# Oatmeal and honey soap



## goat girl (Dec 11, 2007)

I have had a request from a couple of people at the farmer's market I sell at for oatmeal and honey soap. The only oil that I use is Olive oil. I found one recipe on the internet that said for 1 pound of oil use 1/8 cup honey and 1/4 cup oatmeal--these were two different recipies--one for honey soap, and one for oatmeal. I want to make 1 soap with BOTH honey and oatmeal. Could you please advise on how much of these ingredients to use. Do I add the oatmeal and honey at trace? 
Thanks!
Christine


----------



## Anita Martin (Dec 26, 2007)

I don't know about olive oils soap specifically, but I make my coconut, canola, caster and shea butter "Oatmeal, Milk and Honey soap (a seven pound batch)with about 1/2 cup honey, and one cup very finely ground oatmeal. I add both at thin trace, although you could add before if you want to. I've used varying amounts of both the oatmeal and honey in the seven pound batch, and what I'm looking for is a med. dark brown soap with lots of "scrub", but not too much. So these amounts work well for me.
Good luck,
Anita


----------



## Kalne (Oct 25, 2007)

I add 1 tablespoon of fine ground oats per pound of oils and 1 teaspoon of honey. Since I don't use a SB much, if at all, after I add my lye, I will warm my honey and SB it into my oils first so it gets incorporated really well.
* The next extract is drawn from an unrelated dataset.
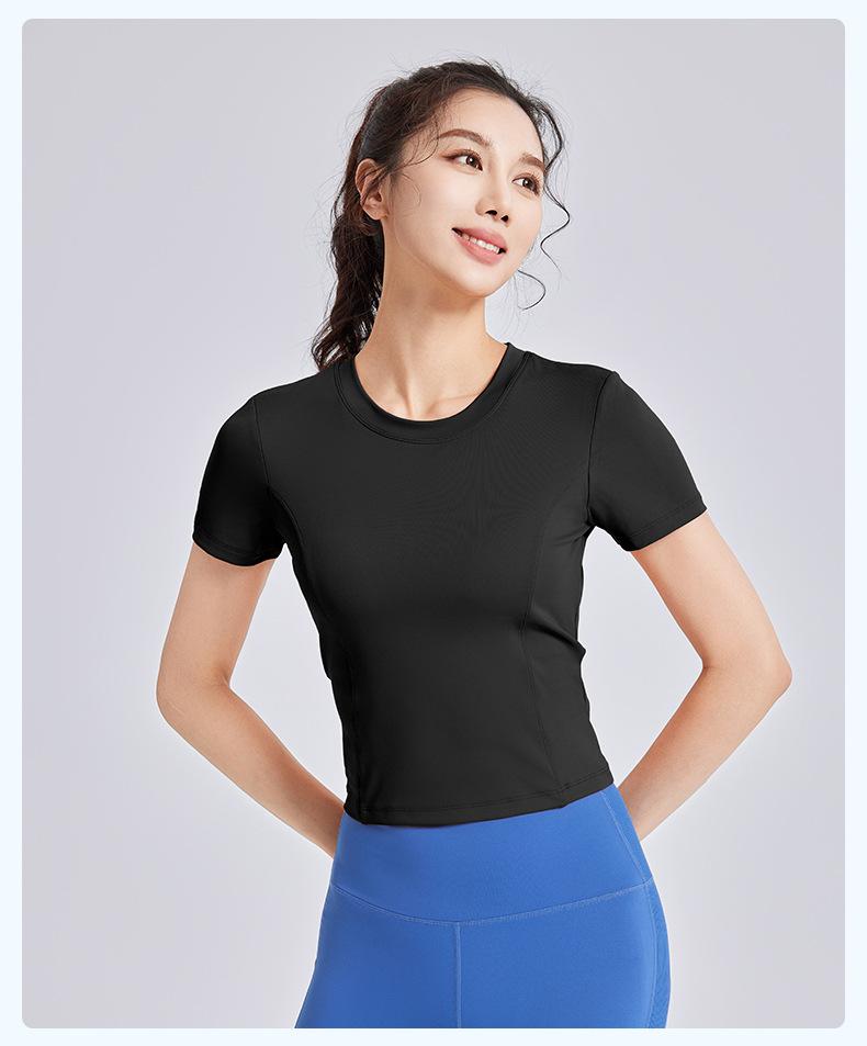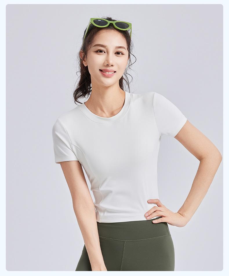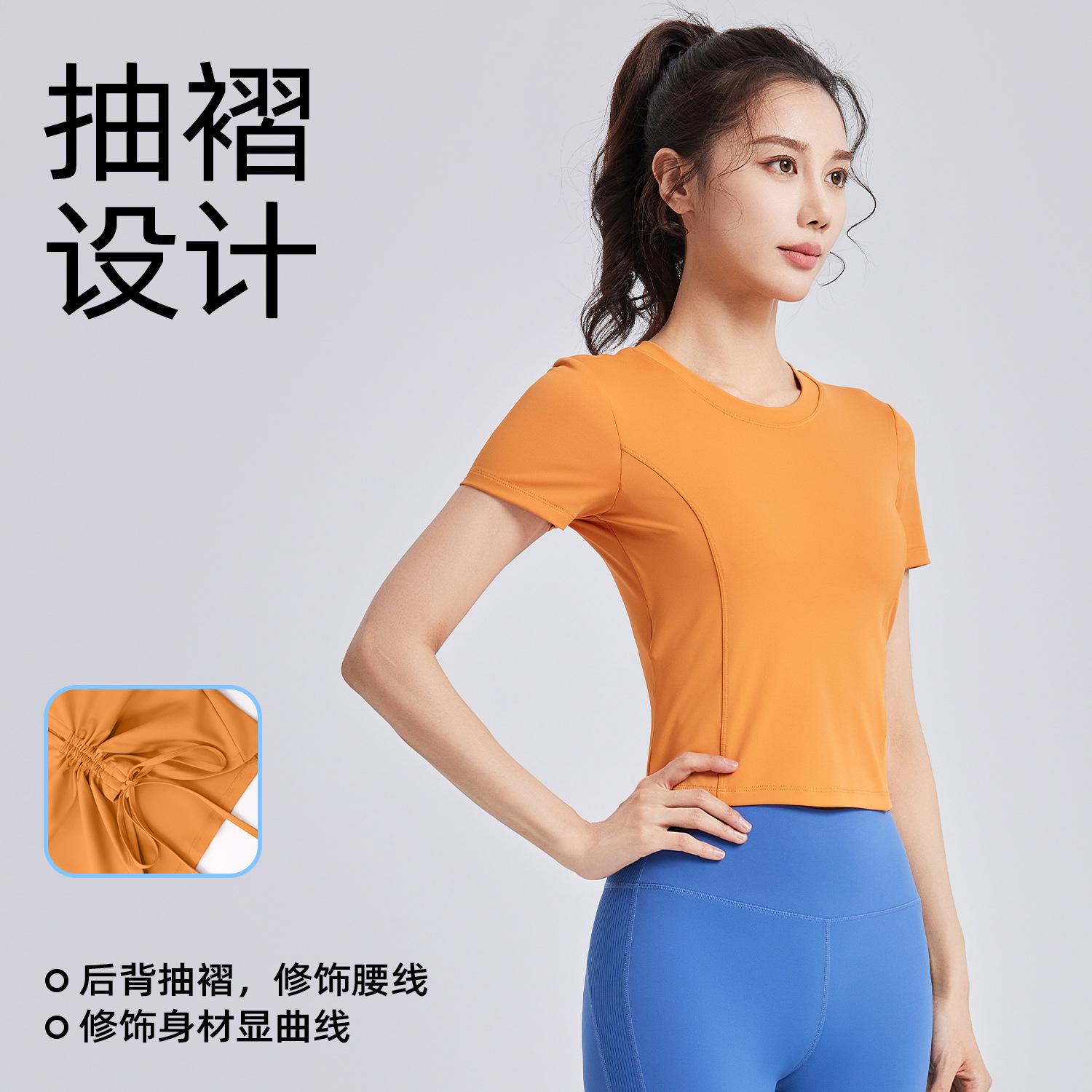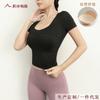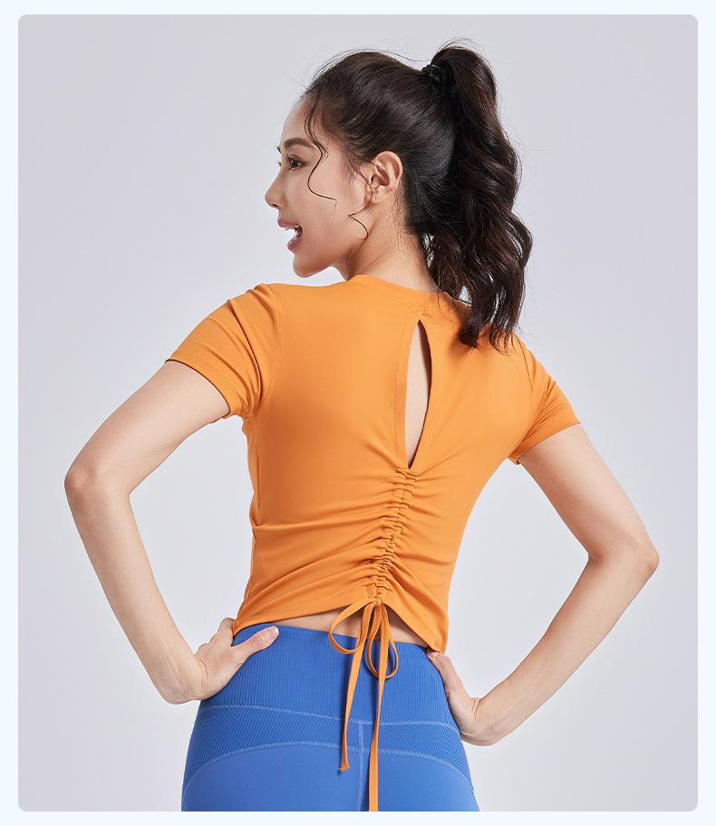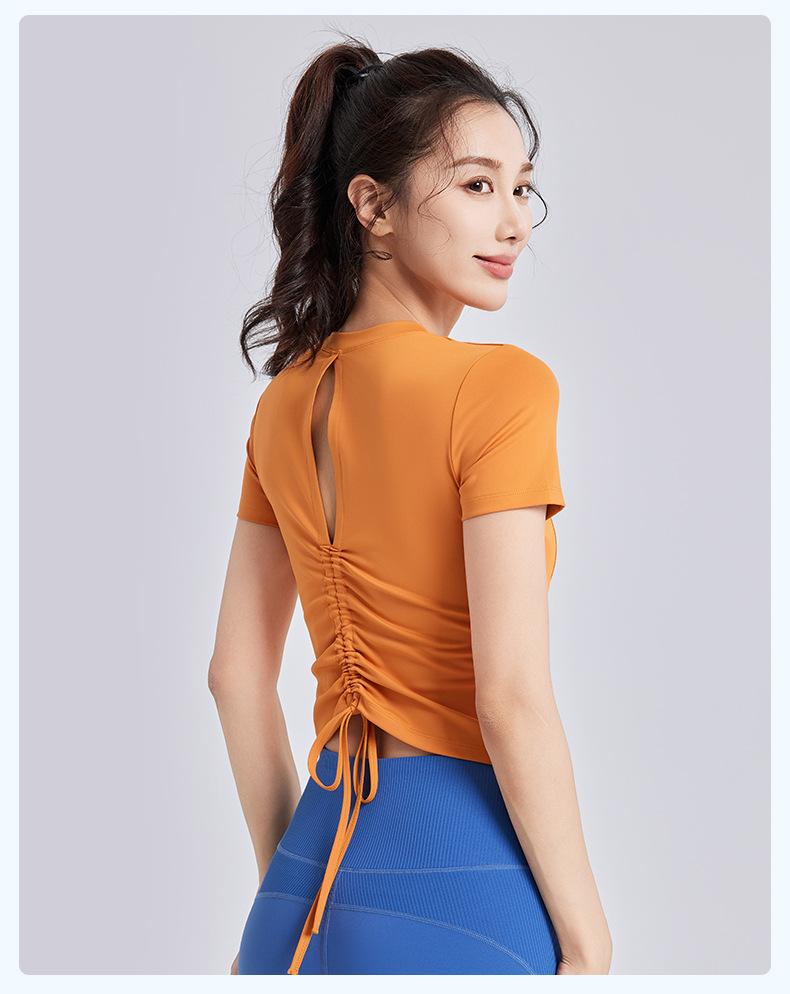 Ropa de Yoga de Verano con Almohadillas en el Pecho, Tirantes con Cordón de Manga Corta para Mujer, Espalda Hermosa, Camiseta Casual para Fitness y Deportes al Aire Libre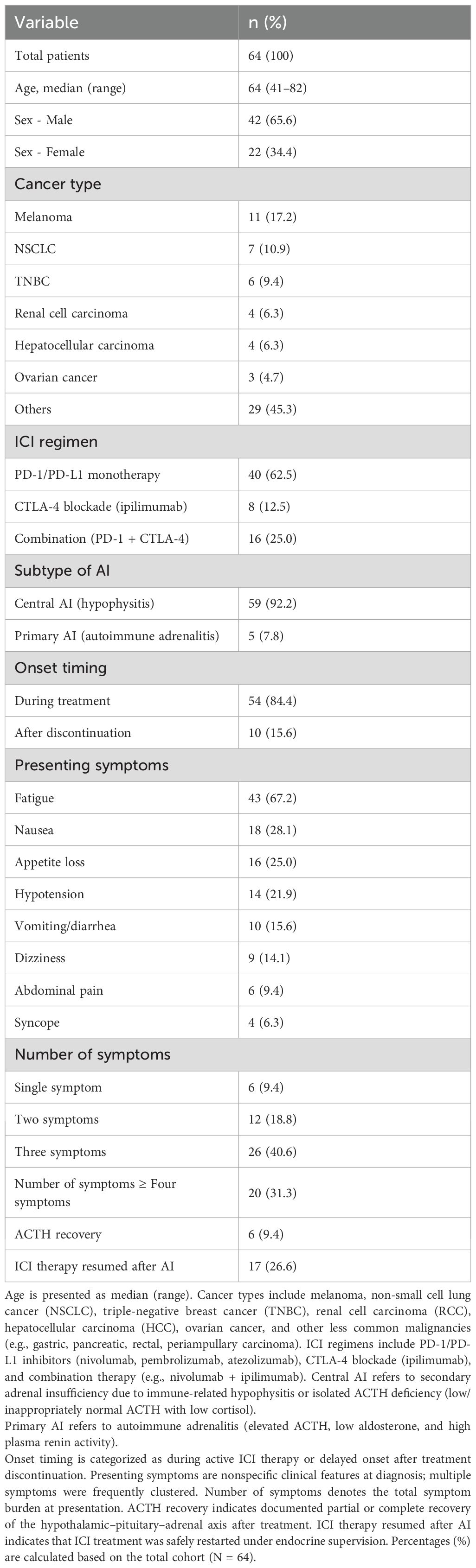 Importantly, the majority of cases (n = 59, 92.2%) represented central adrenal insufficiency (AI) secondary to immune-related hypophysitis or isolated ACTH deficiency, whereas only five cases (7.8%) fulfilled criteria for primary autoimmune adrenalitis with elevated ACTH, low aldosterone, and high plasma renin activity. This distinction highlights that central AI is the predominant phenotype in ICI-associated AI, particularly with CTLA-4 blockade, whereas primary adrenalitis remains rare.

For the oats, once my lye & milk are mixed in well I will pour some soap into a bowl with the oats and get it mixed well then dump into the main pot. Helps keep from getting clumps of oats.


----------



## goat girl (Dec 11, 2007)

Thanks! I'll let you know how it turns out!
Christine


----------



## NubianSoaps.com (Oct 26, 2007)

I use a big ole hand of oatmeal for each 2 pounds of soap and a squirt of honey. I let my stick blender grind up the oats for me and I put a squirt of honey in right before I pour. Putting in too much honey heats my soap up so much it destroys my textured tops. Vicki


----------



## mill-valley (Feb 22, 2008)

I just made this yesterday; I use 1 cup ground oatmeal (blender) and 2-3 tsp honey in a 5 lb batch. I like it light on the honey and heavy on the oatmeal.


----------



## Huminbird (Jul 22, 2008)

Does anyone find that their Oatmeal and Honey soap is quite a bit softer than their other soaps? I use the same recipe for all of my soaps pretty much and this one only lasts about half as long as a normal bar. Am I using to much honey or somesuch? I use 11oz of honey for a 12 lb batch. Is that to much?


----------



## Aja-Sammati (Oct 26, 2007)

I add beeswax to my OMH bars too, so they turn out quite hard. I use 1 t ppo of honey, & about 1 oz ground oats ppo.


----------